» TASK PROMPT
The expected output is every line of the data exactly as shown, minus the images.

--- SOURCE DATA ---

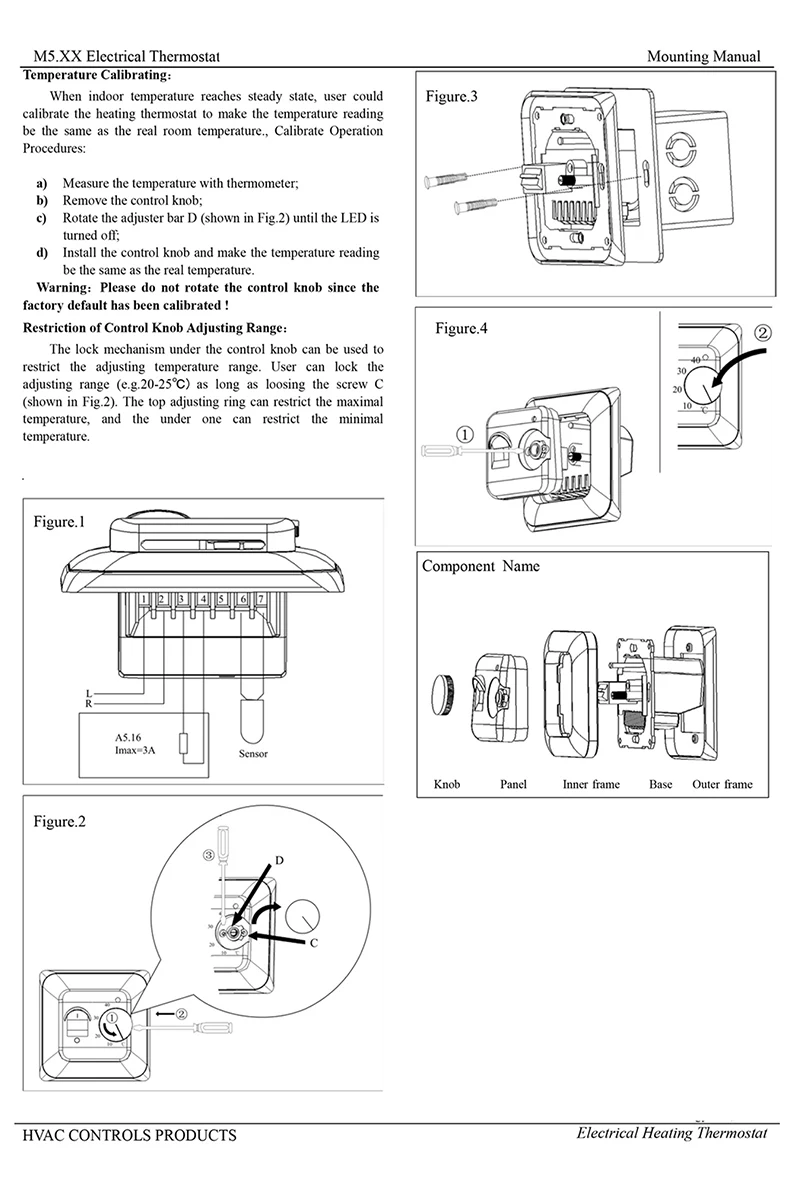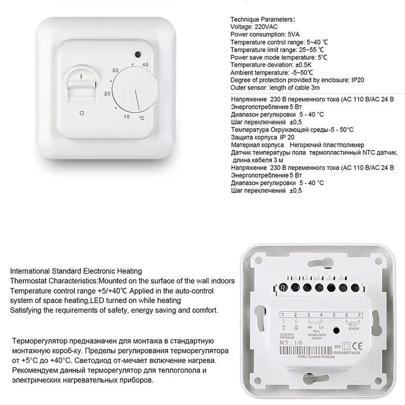 Термостат для теплого пола 16 А 220 в 5-40 Цельсия механический регулятор температуры
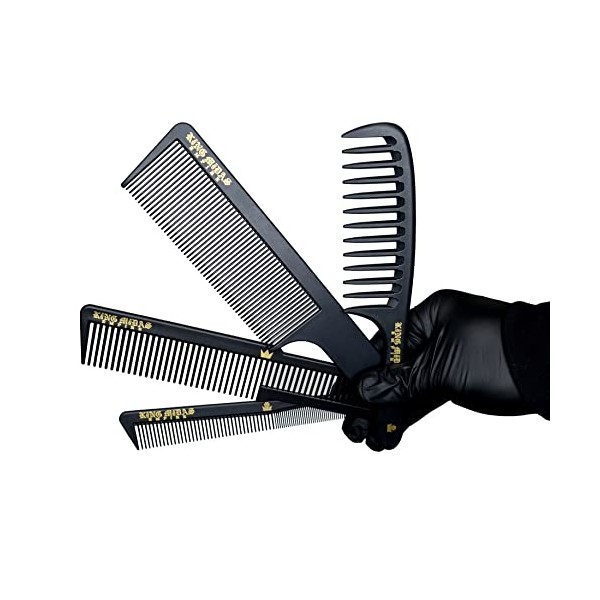 - The King Midas professional barber & hairstyling comb set includes 1 Taper Comb, 1 All-Purpose Cutting Comb, 1 Blending (Flat Top) Comb, & 1 Wide Tooth Styling Comb. This set provides everything you need to execute a professional hair cut.
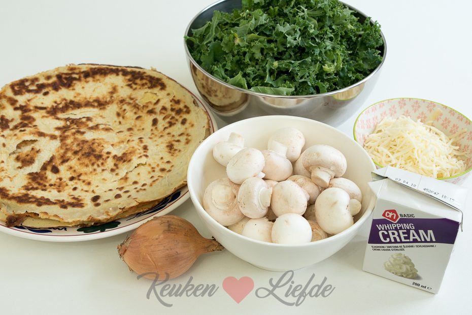 Nu is het tijd voor een variant met boerenkool en champignons. Een heerlijke combi! Dit is een vegetarische variant — je mist het vlees echt niet —, maar wil je toch per se vlees toevoegen, zie dan onderstaande tip. Enjoy!
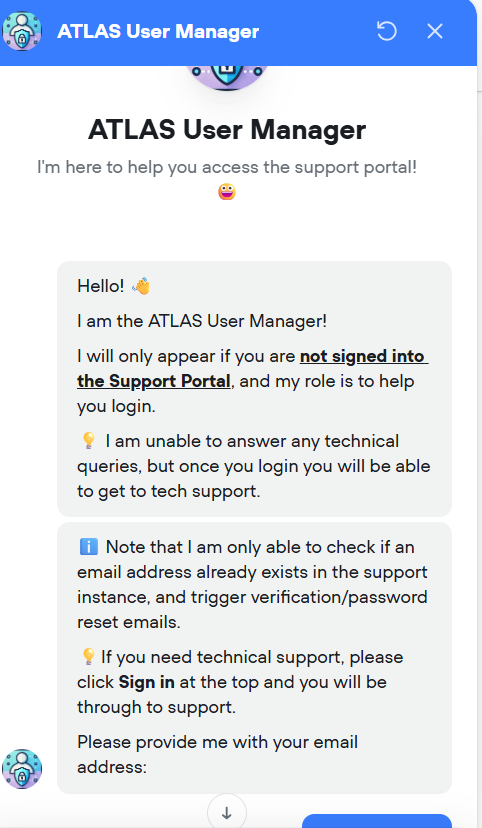 - Use the ChatBot: If you have trouble with email verification or password reset, click on the ChatBot in the bottom corner (Unable to login?). It will guide you through the process.

---

» OUTPUT FOR THIS TASK
 Термостат для теплого пола 16 А 220 в 5-40 Цельсия механический регулятор температуры
 - The King Midas professional barber & hairstyling comb set includes 1 Taper Comb, 1 All-Purpose Cutting Comb, 1 Blending (Flat Top) Comb, & 1 Wide Tooth Styling Comb. This set provides everything you need to execute a professional hair cut.
 Nu is het tijd voor een variant met boerenkool en champignons. Een heerlijke combi! Dit is een vegetarische variant — je mist het vlees echt niet —, maar wil je toch per se vlees toevoegen, zie dan onderstaande tip. Enjoy!
 - Use the ChatBot: If you have trouble with email verification or password reset, click on the ChatBot in the bottom corner (Unable to login?). It will guide you through the process.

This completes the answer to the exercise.